Furin is a transmembrane, dibasic endoprotease responsible for the proteolytic processing of a wide variety of precursor proteins in the secretory pathway (reviewed by Seidah et al. 1993 ; Smeekens 1993 ; Rehemtulla and Kaufman 1992 ; Barr 1991 ). Most substrates of furin are newly synthesized precursor proteins en route to the extracellular space or to the plasma membrane, although some endocytosed bacterial toxins are also known to undergo cleavage by furin.

Since the initial discovery of the existence of furin in mammalian cells, there has been considerable interest in determining its subcellular localization. However, attempts to immunolocalize endogenous furin have been hampered by the low abundance of the protein in most cells (van Duijnhoven et al. 1992 ). Evidently, a small amount of furin is sufficient to carry out the many proteolytic processes in which the enzyme is involved. Early studies of furin localization within cells involved overexpression of furin cDNA clones using vectors such as vaccinia virus in BSC-40 cells (Bresnahan et al. 1990 ) or replicating plasmids in COS-1 cells (van Duijnhoven et al. 1992 ; Misumi et al. 1991 ). The cells were analyzed by immunofluorescence microscopy using antibodies to furin. These studies demonstrated that the protein was concentrated within a juxtanuclear structure characteristic of the Golgi complex (van Duijnhoven et al. 1992 ; Misumi et al. 1991 ; Bresnahan et al. 1990 ).

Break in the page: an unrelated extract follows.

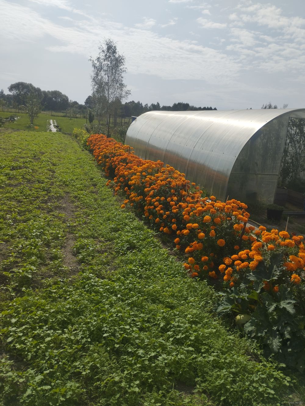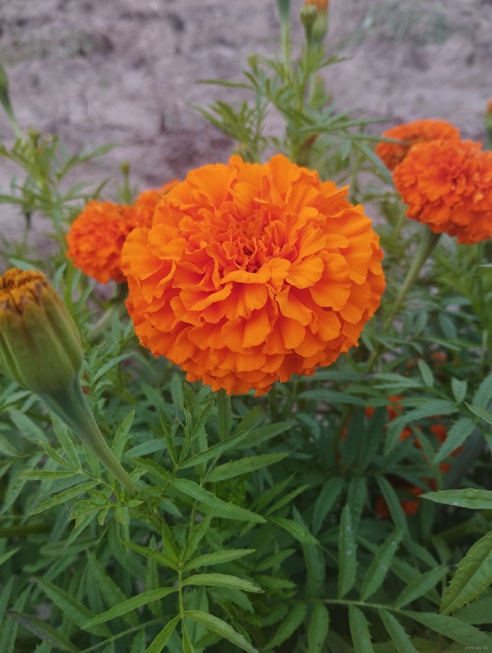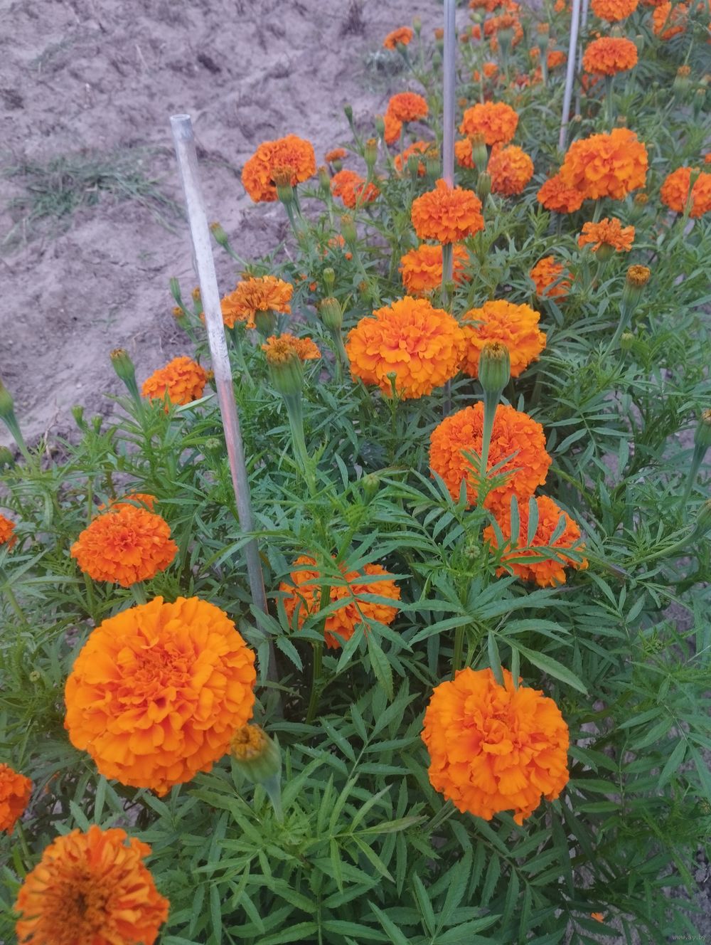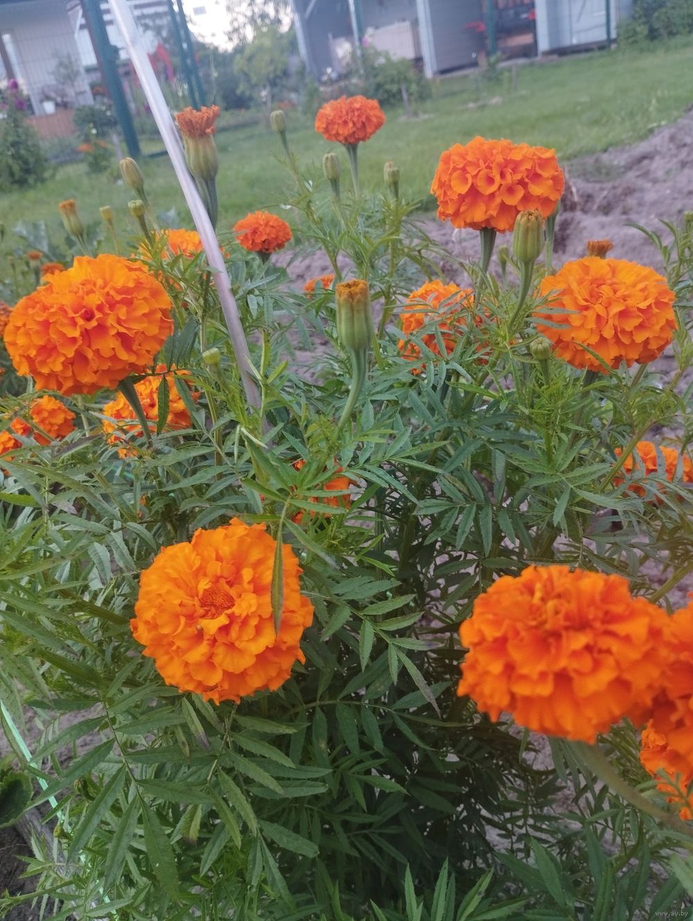 Семена бархатцев оранжевого цвета. Урожай 25 года. Высота куста 45 см. Стоимость одной столовой ложки 80 копеек. Цветок имеет вид помпона.
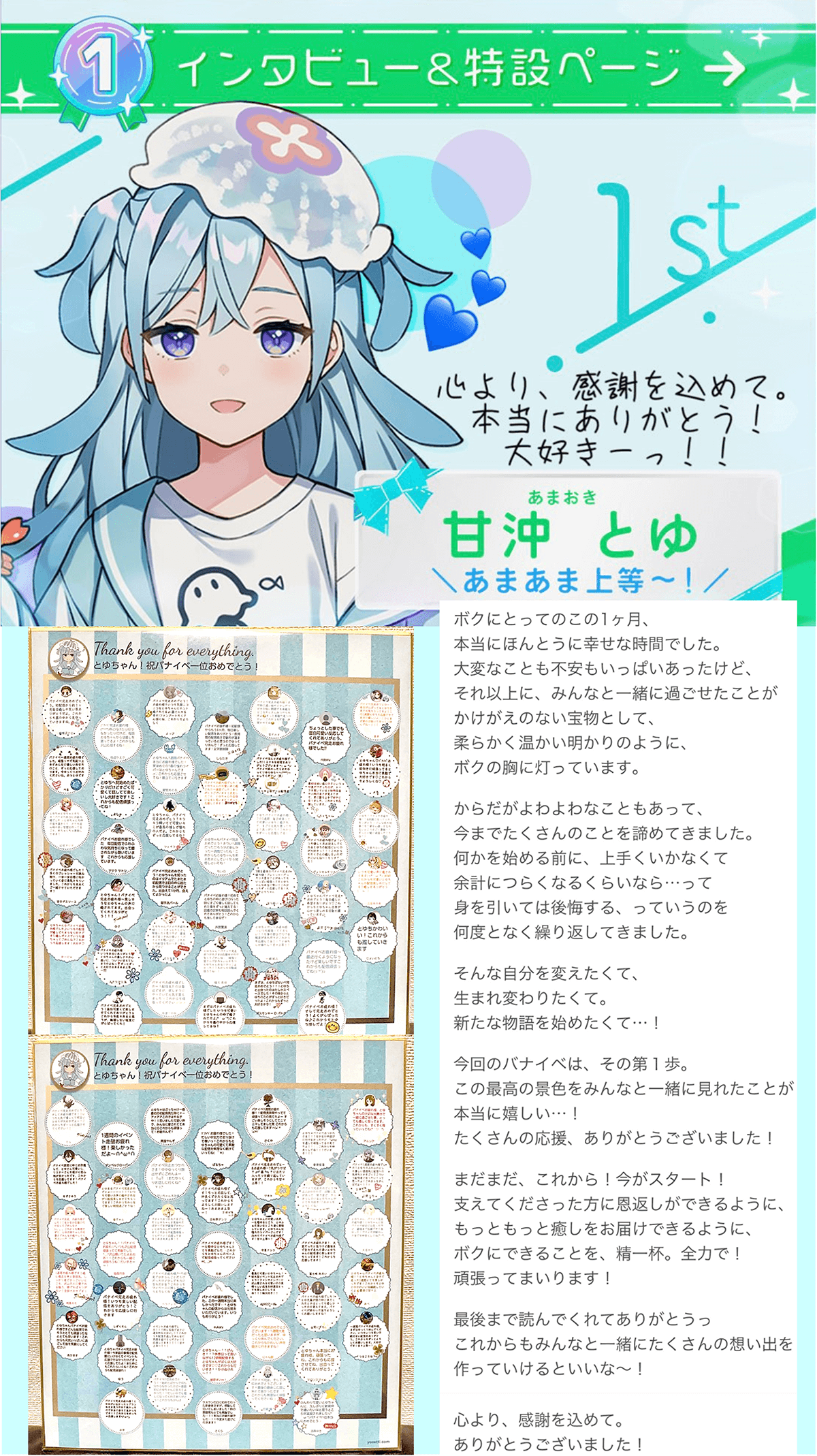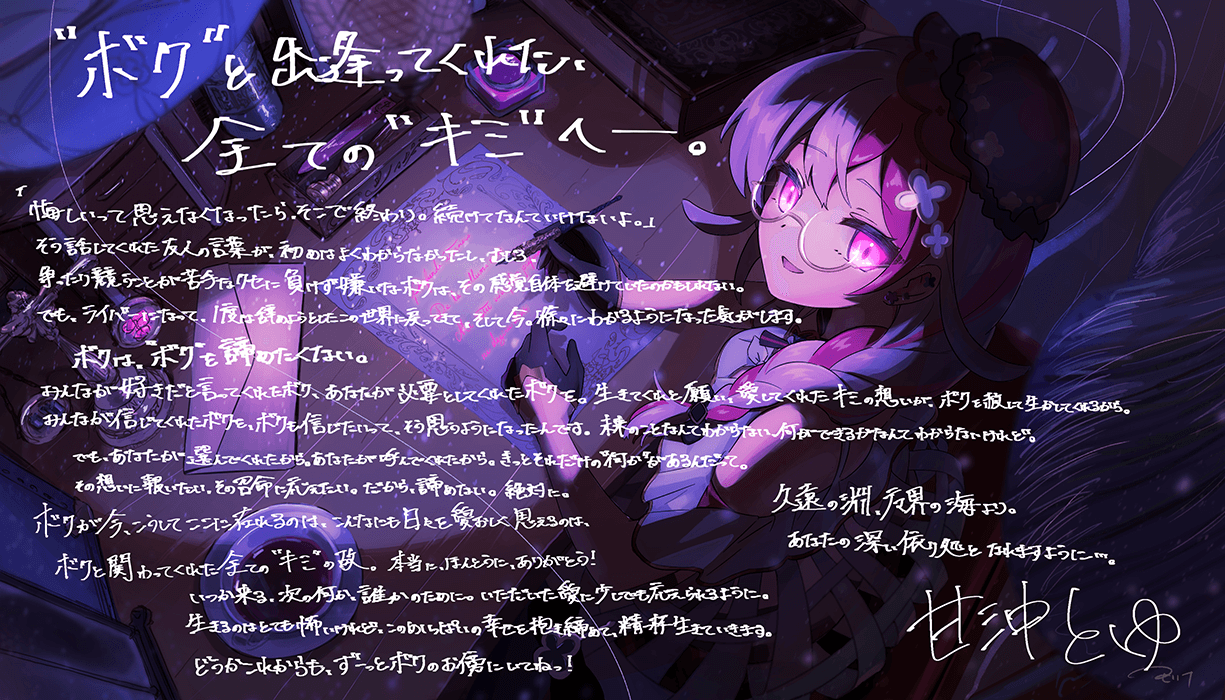 ボク自身、いまだに日々手探りで、めざす方向も常に変化している。ただ「誰かの幸せを願う配信を続ける」という根幹部分はぶれずに貫きたい。みんなと過ごせる時間、その何気ない日常にある幸せの積み重ねがあって、いまのボクがあることを決して忘れないし「甘沖とゆ」で在り続けることを絶対に諦めない。みんなへの感謝を忘れず、少しでも恩返しができるよう、そして応援したことを誇ってもらえるように活動し続けたいと思います。

The Golgi complex of mammalian cells is organized into three morphologically and functionally distinct regions: the cis-Golgi network (CGN), the Golgi stack, and the trans-Golgi network (TGN) (reviewed by Mellman and Simons 1992 ; Rothman and Orci 1992 ). The three regions of the Golgi complex can be readily resolved by immunoelectron microscopy but are difficult to distinguish by immunofluorescence microscopy. To identify the Golgi subcompartment in which furin accumulates, it was therefore necessary to develop expression systems and reagents suitable for immunoelectron microscopy analyses. Molloy et al. 1994 made a furin construct tagged with the FLAG epitope (Hopp et al. 1988 ) in the luminal domain of the protein. This construct was expressed in BSC-40 cells using a Vaccinia virus vector and the protein was visualized with antibodies to the FLAG epitope. Immunoelectron microscopy of these cells showed that furin was concentrated within the TGN, as demonstrated by co-lo calization with the endogenous TGN marker TGN38 (Molloy et al. 1994 ). In another study, Bosshart et al. 1994 placed either a FLAG or an HA epitope (Wilson et al. 1984 ) at the cytoplasmic carboxy terminus of furin and expressed the construct by stable transfection into rat basophilic leukemia (RBL) cells. The protein was detected by immunoelectron microscopy using antibodies to either epitope. This study also revealed that the protein was predominantly concentrated within the TGN (>80%), although a significant amount of the protein was found in vesicular structures with the characteristics of endosomes or lysosomes (Bosshart et al. 1994 ). The presence of furin within the TGN is consistent with its role in biosynthetic protein processing, and its presence in endosomal/lysosomal vesicles might account for the processing of endocytosed bacterial toxins.

It remains to be established the extent to which the localization of furin constructs that are overexpressed, modified with epitope tags, or both reflects the actual distribution of endogenous furin within cells. The only published report on the localization of endogenous furin has produced results that differ from those obtained using recombinant furin constructs (Sariola et al. 1995 ). Immunofluorescent labeling of untransfected BHK-21 cells with an antibody to a furin luminal peptide revealed staining of many vesicles that were scattered throughout the cytoplasm. No juxtanuclear Golgi-like staining was evident in these cells (Sariola et al. 1995 ). These observations raise questions about the actual site of furin localization within cells and about the validity of experiments done with recombinant furin constructs.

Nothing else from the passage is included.